[[ Input data open ]]

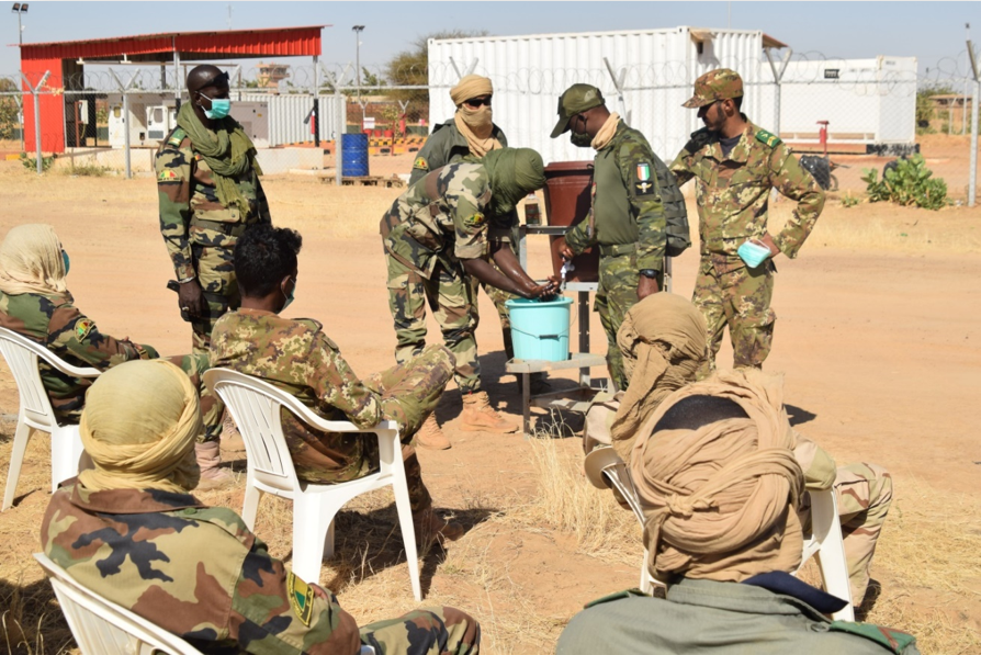 La cérémonie d’ouverture de cette session de formation a eu lieu le 10 novembre dernier au Camp de la MINUSMA à Tombouctou, en présence du Général de Brigade Wael SHAWKY, Commandant du Secteur Ouest, de ses collaborateurs et de la délégation malienne conduite par Colonel Boubacar Yanssary SANOGOH, Commandant la 5ème Zone de Défense de Tombouctou. Dès leur arrivée les 40 éléments de la 1ère Section de la 2ème Compagnie du BFAR ont été sensibilisés sur les mesures barrières contre la propagation de la COVID-19, par le Médecin-chef de l’Hôpital de Niveau 1 du Bataillon ivoirien. Ils se sont également vu remettre des kits de formation.
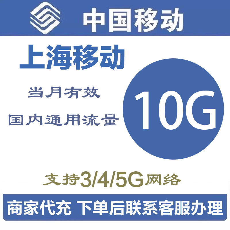 上海移动流量充值10G中国移动流量全国通用4G/5G 流量包当月有效
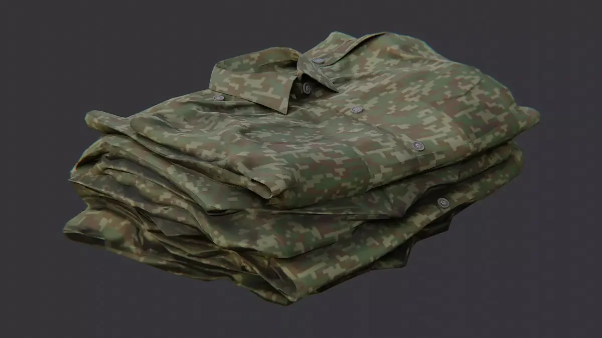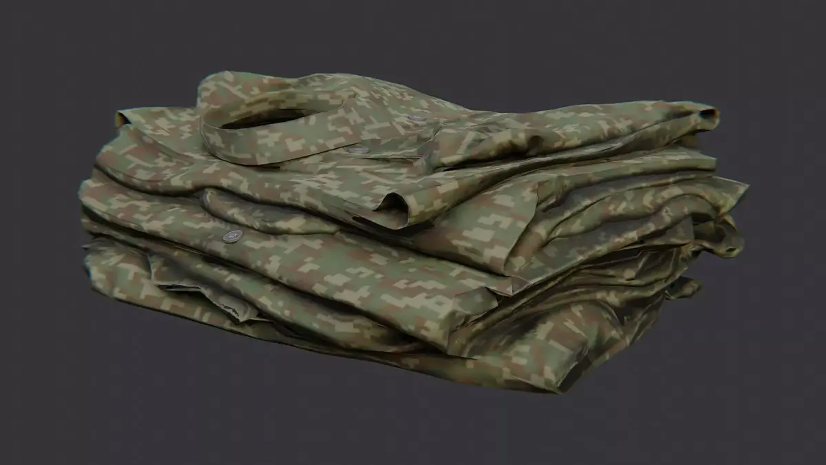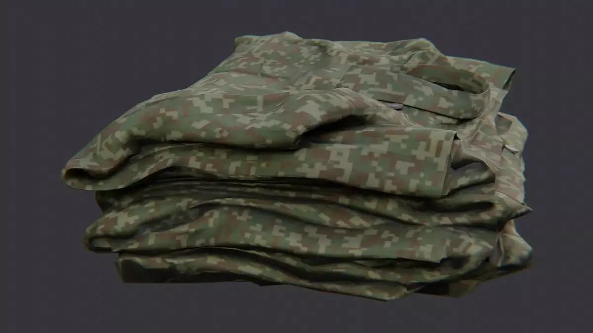 High-resolution fabric texture featuring camouflage pattern suitable for military-inspired characters and props. This folded fabric stack is optimized for close-up renders and cinematic scenes, providing realistic folds and shading. Ideal for character clothing, costumes, or tactical gear in renders and visualizations.

[[ Input data closed ]]

**Work to complete**
Print out the whole of the material word for word, without pictures.

**Result for this task**
 La cérémonie d’ouverture de cette session de formation a eu lieu le 10 novembre dernier au Camp de la MINUSMA à Tombouctou, en présence du Général de Brigade Wael SHAWKY, Commandant du Secteur Ouest, de ses collaborateurs et de la délégation malienne conduite par Colonel Boubacar Yanssary SANOGOH, Commandant la 5ème Zone de Défense de Tombouctou. Dès leur arrivée les 40 éléments de la 1ère Section de la 2ème Compagnie du BFAR ont été sensibilisés sur les mesures barrières contre la propagation de la COVID-19, par le Médecin-chef de l’Hôpital de Niveau 1 du Bataillon ivoirien. Ils se sont également vu remettre des kits de formation.
 上海移动流量充值10G中国移动流量全国通用4G/5G 流量包当月有效
 High-resolution fabric texture featuring camouflage pattern suitable for military-inspired characters and props. This folded fabric stack is optimized for close-up renders and cinematic scenes, providing realistic folds and shading. Ideal for character clothing, costumes, or tactical gear in renders and visualizations.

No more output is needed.